• What to do
Write the records out again exactly as they read, dropping any picture they hold.

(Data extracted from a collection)

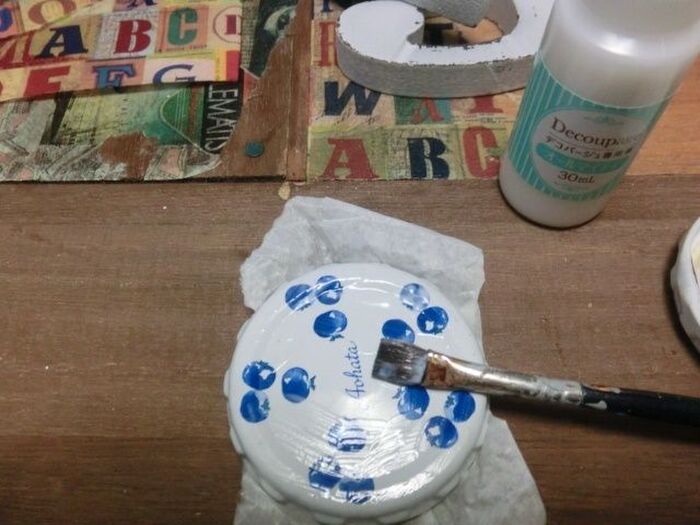 その上から、デコパージュ液を重ね塗りしていきました。(テカテカになってきます。)
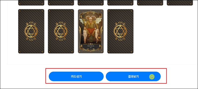 마우스 클릭을 잘못해서 타로카드를 잘못 선택할 수 있어요. 이러한 경우에는 "카드섞기" 버튼을 누르면 되고요. 신중히 제대로 뽑았다면 "결과보기"를 클릭해 주세요.
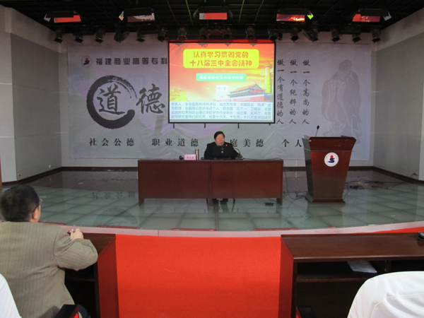 黄跃舟副书记在总结讲话中指出,郑又贤教授的宣讲报告主线清晰,论述深刻,内容丰富,提纲挈领、重点突出,深入浅出,对于广大师生准确理解和把握党的十八届三中全会精神,具有很强的指导性、针对性和启发性。今后福建商专还将结合学习习近平总书记重要讲话精神,利用报告会、“两课”教育、党团日活动、中心组学习、网上专栏、理论研讨等多种形式,持续推进党的十八届三中全会精神的学习宣传工作,同时用十八届三中全会的精神指导实践,进一步解放思想,认真扎实做好将于近期召开的党大会筹备工作,集中全体师生员工的群体智慧,准确定位百年商专的战略目标,进一步推进学校的科学发展、跨越发展。
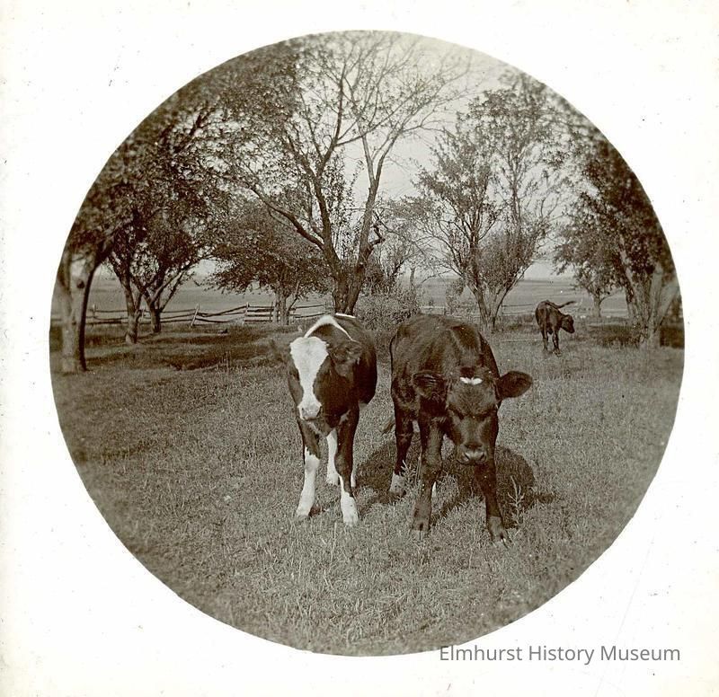 Cows and livestock on the Fischer Farm near Grand Avenue.
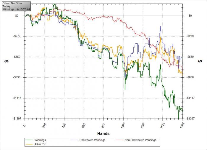 Всё-таки очень нервная работа покериста. Неслучайно по уровня стресса её сравнивают с работой авиадиспетчеров. Только что отыграл адовую сессию. В которой пережил всё от эйфории от фиша , который заливал постоянно докупаясь, до полного отчаяния когда тот же самый фиш меня просто уничтожал в каждой раздаче. Где-то в нижней точке графика я даже просто лёг на пол и пролежал около полминуты (кстати помогло лол). Сел играть на час-полтора в 23:50 , а закончил только в 5:40 и то только потому что все ушли Не спал примерно с 9 часов утра вчерашнего дня, и вместо того чтобы пойти в кровать, пишу этот пост , потому что мозг до сих в таком возбуждении, что точно не усну. И ведь закончил в нормальный плюс, а если в минус...
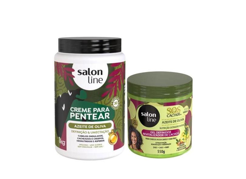 Creme Para Pentear + Gel Definidor Salon Line Azeite De Oliva

• Solution for this problem
 その上から、デコパージュ液を重ね塗りしていきました。(テカテカになってきます。)
 마우스 클릭을 잘못해서 타로카드를 잘못 선택할 수 있어요. 이러한 경우에는 "카드섞기" 버튼을 누르면 되고요. 신중히 제대로 뽑았다면 "결과보기"를 클릭해 주세요.
 黄跃舟副书记在总结讲话中指出,郑又贤教授的宣讲报告主线清晰,论述深刻,内容丰富,提纲挈领、重点突出,深入浅出,对于广大师生准确理解和把握党的十八届三中全会精神,具有很强的指导性、针对性和启发性。今后福建商专还将结合学习习近平总书记重要讲话精神,利用报告会、“两课”教育、党团日活动、中心组学习、网上专栏、理论研讨等多种形式,持续推进党的十八届三中全会精神的学习宣传工作,同时用十八届三中全会的精神指导实践,进一步解放思想,认真扎实做好将于近期召开的党大会筹备工作,集中全体师生员工的群体智慧,准确定位百年商专的战略目标,进一步推进学校的科学发展、跨越发展。
 Cows and livestock on the Fischer Farm near Grand Avenue.
 Всё-таки очень нервная работа покериста. Неслучайно по уровня стресса её сравнивают с работой авиадиспетчеров. Только что отыграл адовую сессию. В которой пережил всё от эйфории от фиша , который заливал постоянно докупаясь, до полного отчаяния когда тот же самый фиш меня просто уничтожал в каждой раздаче. Где-то в нижней точке графика я даже просто лёг на пол и пролежал около полминуты (кстати помогло лол). Сел играть на час-полтора в 23:50 , а закончил только в 5:40 и то только потому что все ушли Не спал примерно с 9 часов утра вчерашнего дня, и вместо того чтобы пойти в кровать, пишу этот пост , потому что мозг до сих в таком возбуждении, что точно не усну. И ведь закончил в нормальный плюс, а если в минус...
 Creme Para Pentear + Gel Definidor Salon Line Azeite De Oliva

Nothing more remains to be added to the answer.